(Saved data entries)
---+---

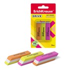 ЛастикиНабор ластиков 3 штуки Erich Krause Drive, 57 х 15 х 13 мм, мягкие, гипоаллергенные, прямоугольные, в блистере
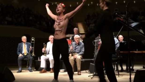 The insane feminist protest group FEMEN is at it again. This time they disrupted a Woody Allen jazz concert in Hamburg, Germany. The crowd was angered at their disruption demanding the immediate institution of White Sharia.
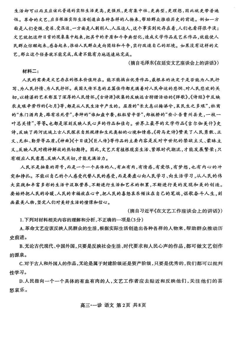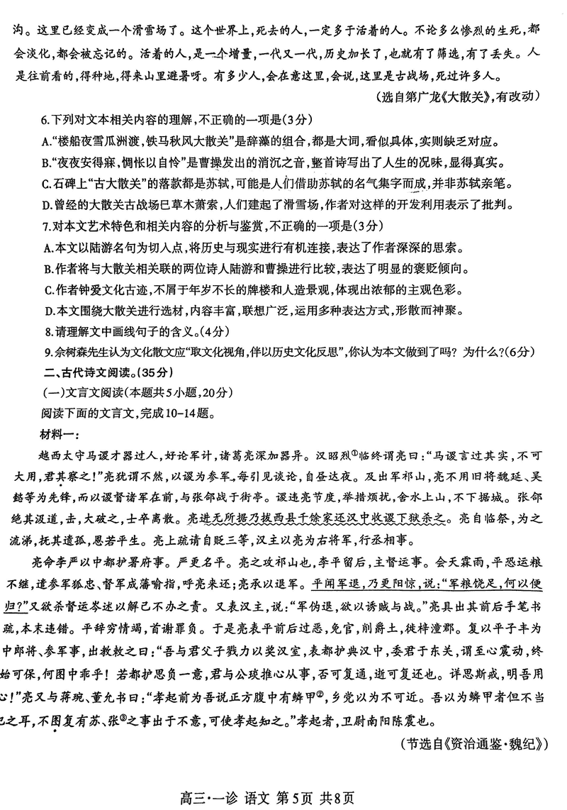 泸州一诊高2025届第一次教学质量诊断语文试题及答案
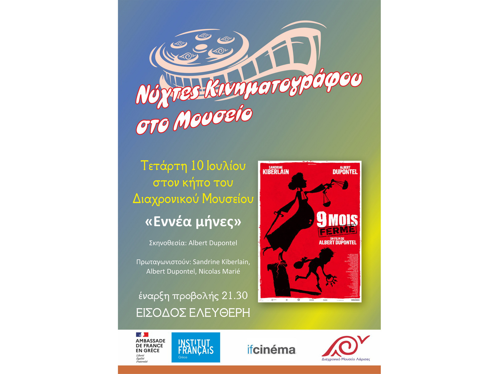 Εννέα μήνες (9 MOIS FERME, Γαλλία, 2013, 82′) με τους Sandrine Kiberlain, Albert Dupontel, Nicolas Marié. Πρόκειται για μια μαύρη κωμωδία του Albert Dupontel που απέσπασε πολλές και σπουδαίες διακρίσεις, μεταξύ των οποίων βραβείο CESAR 2014 πρωτότυπου σεναρίου και Α΄ γυναικείου ρόλου.
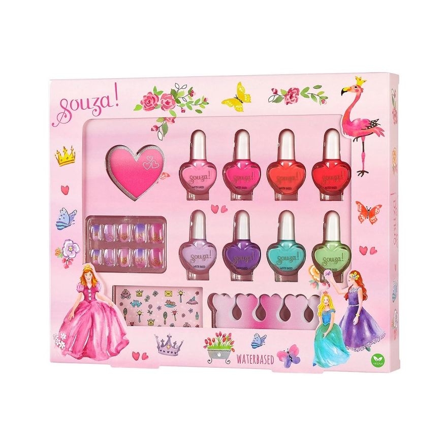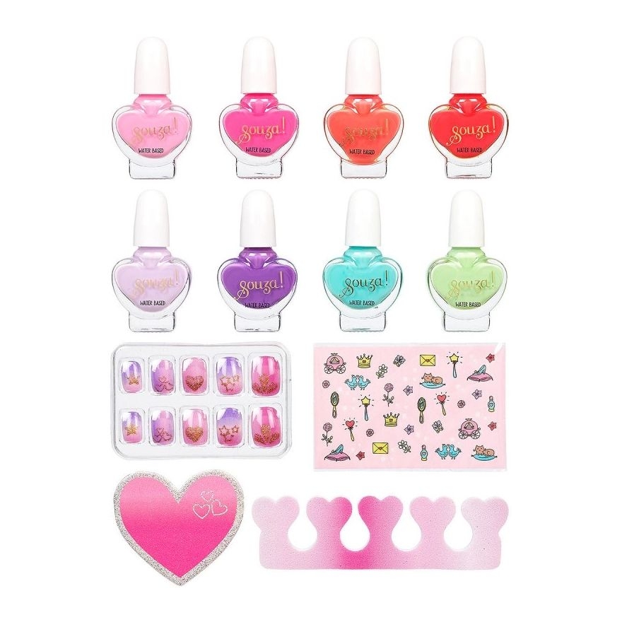 Μικρές πριγκίπισσες μπορούν τώρα να δημιουργήσουν μοναδικά nail look με αυτό το σετ βερνικιών και αξεσουάρ από τη Souza! Τα βερνίκια είναι 100% vegan, δερματολογικά ελεγμένα και βασισμένα στο νερό, δημιουργούν peel-off στρώση και αφαιρούνται εύκολα σαν αυτοκόλλητα, χωρίς να προκαλούν ερεθισμούς. Ιδανικό για παιδικά πάρτυ, παιχνίδι σε σαλόνι ομορφιάς ή ως δώρο. Το σετ συσκευάζεται σε χαριτωμένο κουτί με παράθυρο και σχέδιο πριγκίπισσας. Ένα σετ που συνδυάζει φαντασία, δημιουργικότητα και απόλυτη ασφάλεια, ιδανικό για μικρές fashionistas!

---+---

## WHAT TO DO
Your task is to transcribe exactly the lines from the one containing "Εννέα μήνες (9" through the final line of the entries above, pictures excluded.

## OUTPUT BELOW
 Εννέα μήνες (9 MOIS FERME, Γαλλία, 2013, 82′) με τους Sandrine Kiberlain, Albert Dupontel, Nicolas Marié. Πρόκειται για μια μαύρη κωμωδία του Albert Dupontel που απέσπασε πολλές και σπουδαίες διακρίσεις, μεταξύ των οποίων βραβείο CESAR 2014 πρωτότυπου σεναρίου και Α΄ γυναικείου ρόλου.
 Μικρές πριγκίπισσες μπορούν τώρα να δημιουργήσουν μοναδικά nail look με αυτό το σετ βερνικιών και αξεσουάρ από τη Souza! Τα βερνίκια είναι 100% vegan, δερματολογικά ελεγμένα και βασισμένα στο νερό, δημιουργούν peel-off στρώση και αφαιρούνται εύκολα σαν αυτοκόλλητα, χωρίς να προκαλούν ερεθισμούς. Ιδανικό για παιδικά πάρτυ, παιχνίδι σε σαλόνι ομορφιάς ή ως δώρο. Το σετ συσκευάζεται σε χαριτωμένο κουτί με παράθυρο και σχέδιο πριγκίπισσας. Ένα σετ που συνδυάζει φαντασία, δημιουργικότητα και απόλυτη ασφάλεια, ιδανικό για μικρές fashionistas!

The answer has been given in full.